Calculated Positive Class Weights for each label:
  convention: 1.11
  brain-overload: 1.14
  unused: 1.39
  error-handling: 1.41
  bad-practice: 1.72
  pitfall: 1.82
  clumsy: 1.73
  suspicious: 1.86
  design: 2.04
  antipattern: 2.23
  redundant: 4.11
  confusing: 8.59
  performance: 8.89
  obsolete: 19.34


### Model the Classifier Chain

In [9]:
# intialise base classifier
sklearn.set_config(enable_metadata_routing=True)
base_classifier = GradientBoostingClassifier(n_estimators=100, learning_rate=0.1, max_depth=3, random_state=42)
base_classifier.set_fit_request(sample_weight=True)

# initiate and train classifier chain
n_chains = 5
chains = []
for i in range(n_chains):
    chain = ClassifierChain(base_classifier)
    chain.fit(X_train, Y_train, sample_weight=sample_weights_train)
    chains.append(chain)

# calculate label probabilities for all test data
Y_pred_proba_ensemble = np.array([chain.predict_proba(X_test) for chain in chains]).mean(axis=0)

print("\n--- Trying different thresholds ---")
thresholds_to_test = [0, 0.1, 0.2, 0.3, 0.4, 0.5, 0.6, 0.7, 0.8, 0.9]
for threshold in thresholds_to_test:
    Y_pred_ensemble_th = (Y_pred_proba_ensemble >= threshold).astype(int)
    predicted_tags_th = mlb.inverse_transform(Y_pred_ensemble_th)
    jaccard_th = jaccard_score(Y_test, Y_pred_ensemble_th, average='samples', zero_division=0)
    print(f"\nThreshold: {threshold:.1f}")
    print(f"  Jaccard Score: {jaccard_th:.4f}")

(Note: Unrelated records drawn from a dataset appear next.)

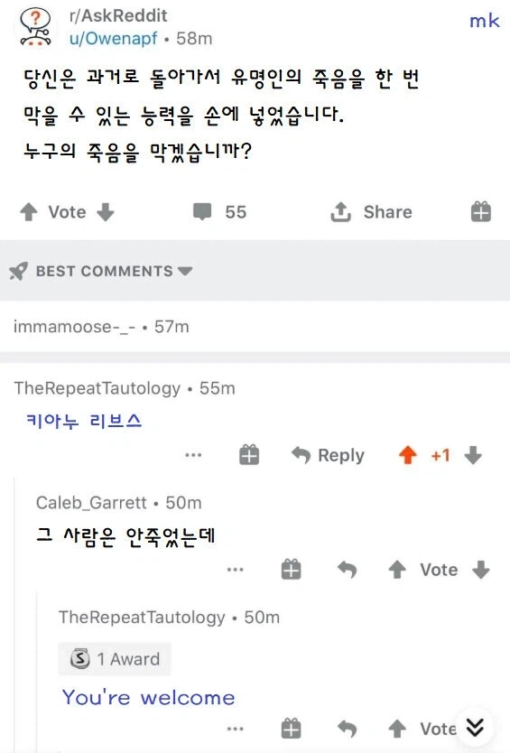 "과거의 유명인의 죽음을 한 번 막을 수 있는 능력!" Anonymous | 2026.02.27 21:32 | 조회 26 https://qquing.net/bbs/board.php?bo_table=humor&wr_id=1832801 주소 복사 이전글 다음글 랜덤 만화 목록 본문 "고맙다는 인사는 넣어두시죠" 추천 0 비추천 0
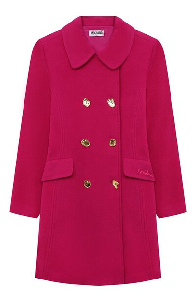Double-breasted coat for girls, front fastening with jewel buttons, patch pockets with flaps, matching embroidered logo.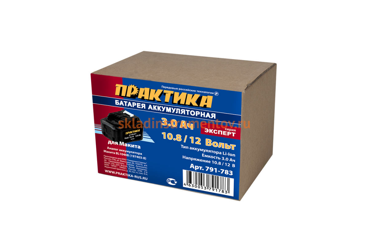 Аккумулятор ПРАКТИКА 791-783 предназначен для использования с аккумуляторными инструментами Makita. Оснащен индикатором уровня заряда, что позволяет контролировать его заряд. Литий-ионные аккумуляторные батареи могут храниться более длительный период времени, по сравнению с NiCd и NiMH не теряя заряда. Хранить в заряженном состоянии.
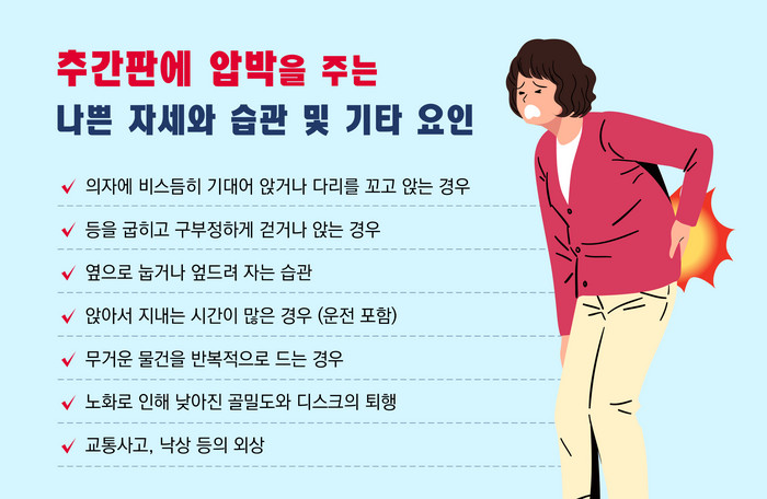 추간판은 나이가 들면서 자연스럽게 퇴행성 변화를 겪는다. 하지만, 노화 이외에도 추간판의 퇴행을 가속화시키는 요인들이 있다. 이에 강동경희대학교병원 한방재활의학과 김고운 교수는 “경추 및 요추에는 추간판의 하중을 효율적으로 분산시키기 위해 정상적인 전만 곡선이 유지돼야 하는데, 목이나 허리가 굴곡된 자세를 오래 취하는 등 잘못된 자세와 습관으로 인해 전만이 유지되지 못하면 추간판에 가해지는 압력이 증가해 빠르게 손상된다”라고 설명했다.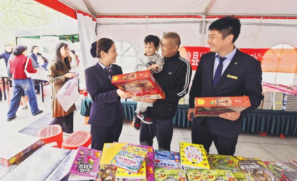 4月18日,“书香古邑·品质无棣”全民阅读季暨“玫瑰书香飘四季”阅读活动在山东省无棣县新区广场举行。无棣县邮政分公司向6所学校各捐赠了价值2000元的图书,向劳动模范、先进教师等15名代表分别捐赠价值200元的图书。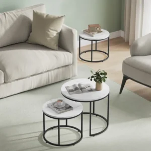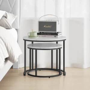 Modern loft stílusú, két darabból álló kerek dohányzóasztal szett, mely elegáns márványhatású asztallapjaival és fekete, porszórt fém vázaival bármely nappali, hálószoba vagy otthoni iroda központi eleme lehet.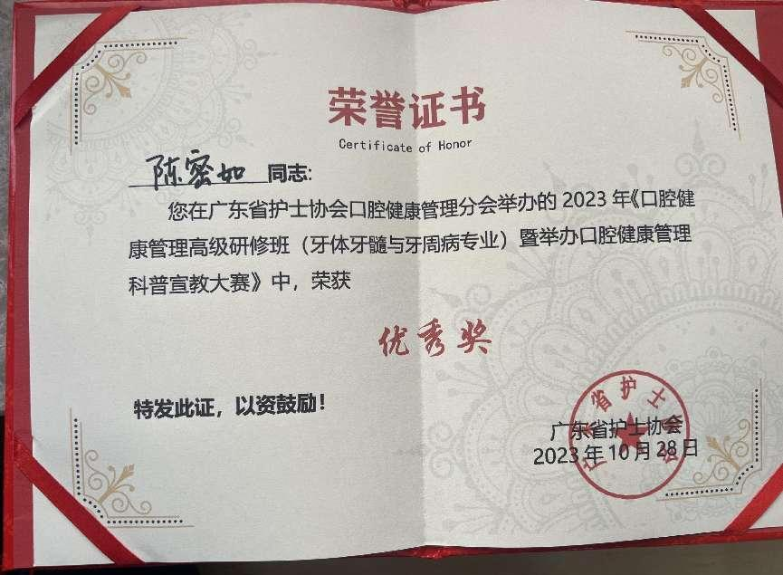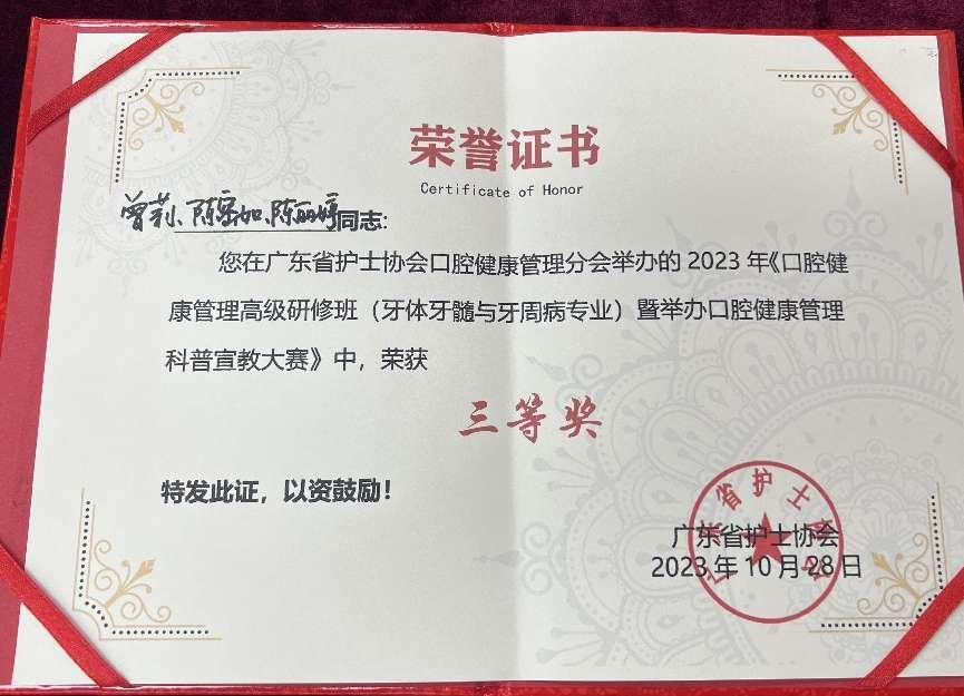 爲進(jìn)一步培養口腔健康管理專業人才,向(xiàng)患者傳播口腔保健知識和技能(néng),促進(jìn)全民口腔健康,10月27-28日,由廣東省護士協會(huì)、廣東省健康管理醫護聯盟口腔健康管理分會(huì)主辦,南方醫科大學(xué)口腔醫院承辦的第一屆《口腔健康管理高級研修班(牙體牙髓與牙周病專業)》暨口腔健康管理科普大賽在廣州舉行。來自全省各地的口腔護理人員齊聚一堂參加比賽。惠州六院口腔科護理團隊積極參賽備戰,精心鑽研選題,一路披荊斬棘,從來自十幾個省市的選手中脫穎而出,榮獲三等獎、優秀獎。

--- Trying different thresholds ---

Threshold: 0.0
  Jaccard Score: 0.2080

Threshold: 0.1
  Jaccard Score: 0.2372

Threshold: 0.2
  Jaccard Score: 0.2121

Threshold: 0.3
  Jaccard Score: 0.1809

Threshold: 0.4
  Jaccard Score: 0.1698

Threshold: 0.5
  Jaccard Score: 0.1483

Threshold: 0.6
  Jaccard Score: 0.1306

Threshold: 0.7
  Jaccard Score: 0.0606

Threshold: 0.8
  Jaccard Score: 0.0448

Threshold: 0.9
  Jaccard Score: 0.0362


Gradient Boosting performs similar as a base model as Logistic Regression. When predicting all labels for each analysis, the result
reaches a Jaccard score of 20.8%. For the best performing threshold (0.1), the score is 23.8%, which improves only little and is overall no good result.